Defining the standard vendor-neutral data models and APIs as well as building applications that work with a Digital Health Platform is not easy.

At Medblocks, we found the need to define and adopt vendor-neutral API standards for the platform as well as provide tools to make it easier to build and ship applications that work with these APIs. The unfortunate truth is that today, there is no "single standard" for healthcare data and APIs that can readily be used to build a Digital Health Platform. There are multiple standards that are being adopted by different organizations and vendors.

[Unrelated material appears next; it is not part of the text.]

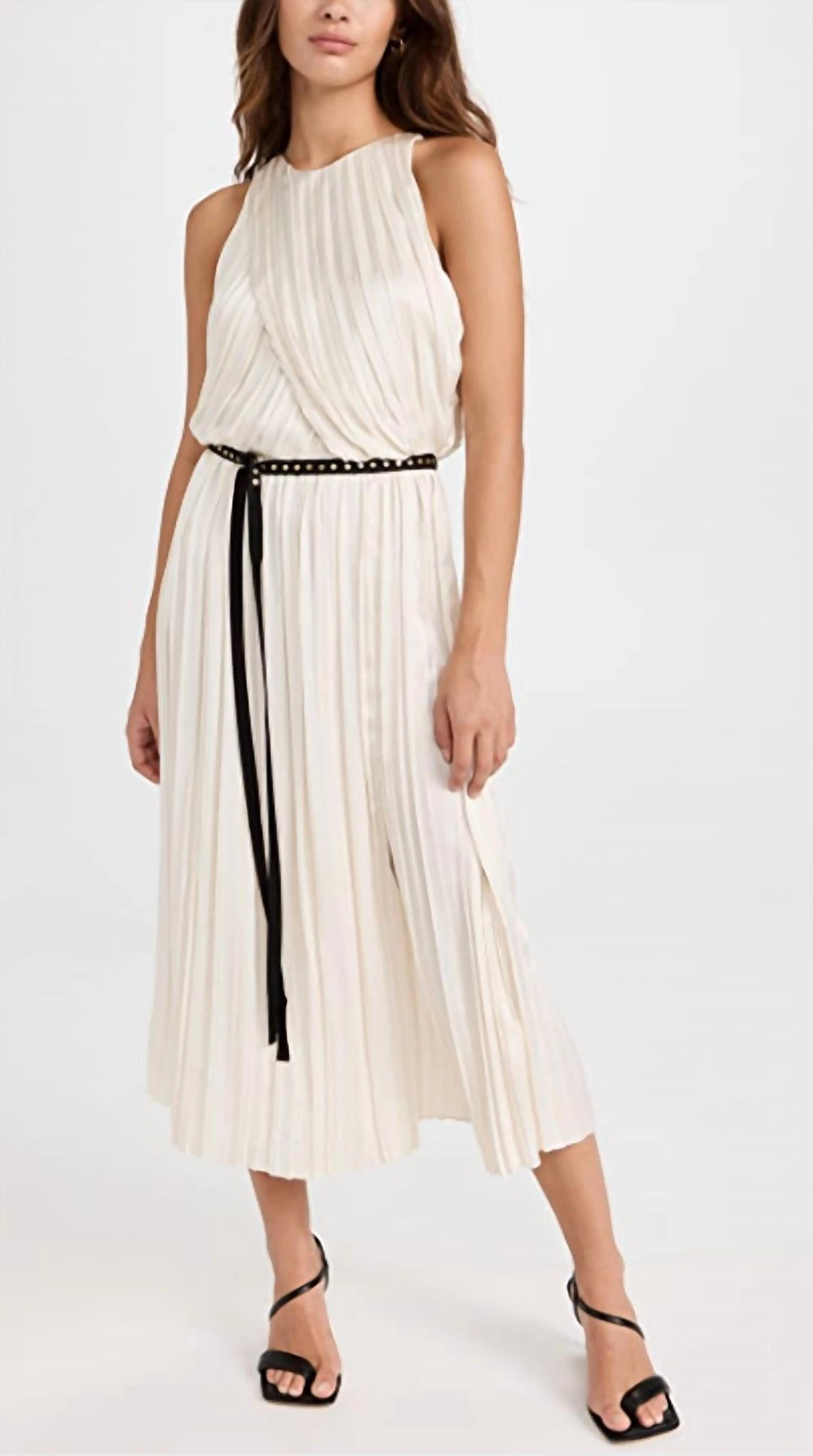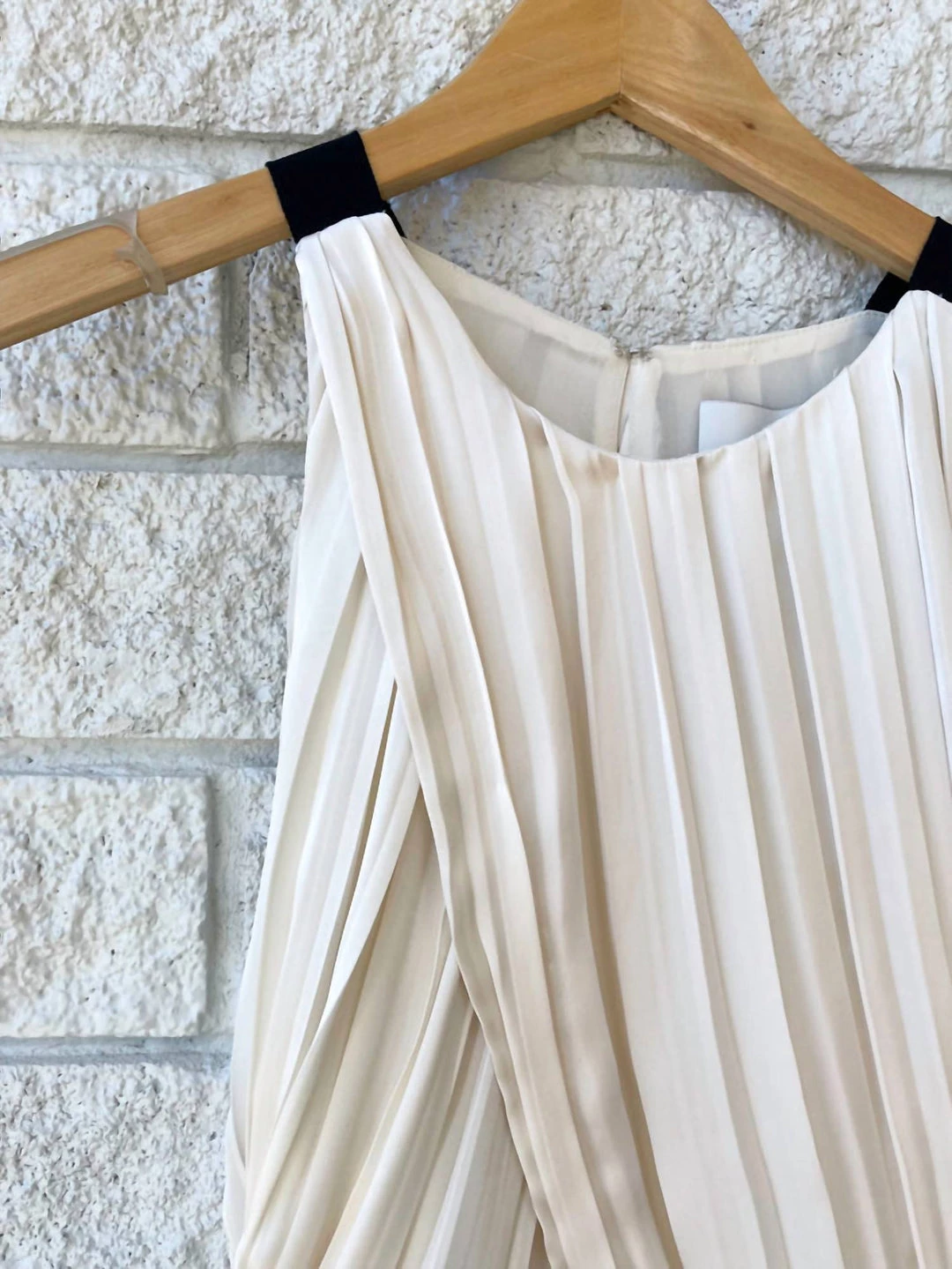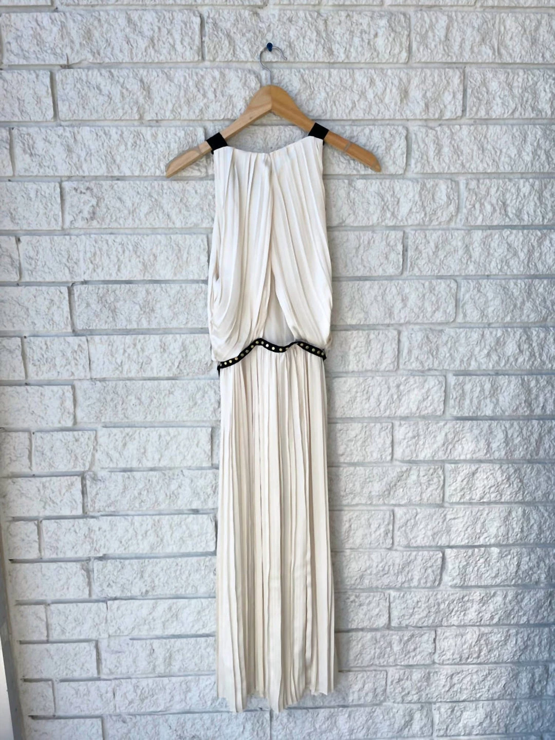 This dress has pleated detailing throughout. It has a bedazzled belted waist wrap. It has an asymmetrical top half that cinches at the waist. The straps are black with a small open lower back detail.

Medblocks, and others in the industry, however, have identified a few key APIs and data standards that are widely adopted by the industry and have the potential to be used as the foundational APIs for a Digital Health Platform. Medblocks is also spearheading the development and formalisation of a few new standards that is needed to bridge the gap between existing standards. Fundamentally, the Medblocks Stack is an implementation guide for a Digital Health Platform that works on the following publicly available API standards:

  1. FHIR REST API
  2. openEHR REST API
  3. SMART on FHIR + openEHR
  4. S3 Compatible Object Storage REST API

The rationale behind the decision to use these APIs and how they work together is explained below. The Medblocks Digital Health Platform is built to work with any vendor that provides these APIs. Medblocks also provides a few non-standard APIs that are built on top of the above mentioned APIs to make it easier to build applications that work with the platform.

FHIR REST API

HL7 FHIR is data format and transport "framework" developed for modern healthcare by Health Level 7. The RESTful paradigm of FHIR provides an excellent foundation for the Digital Health Platform.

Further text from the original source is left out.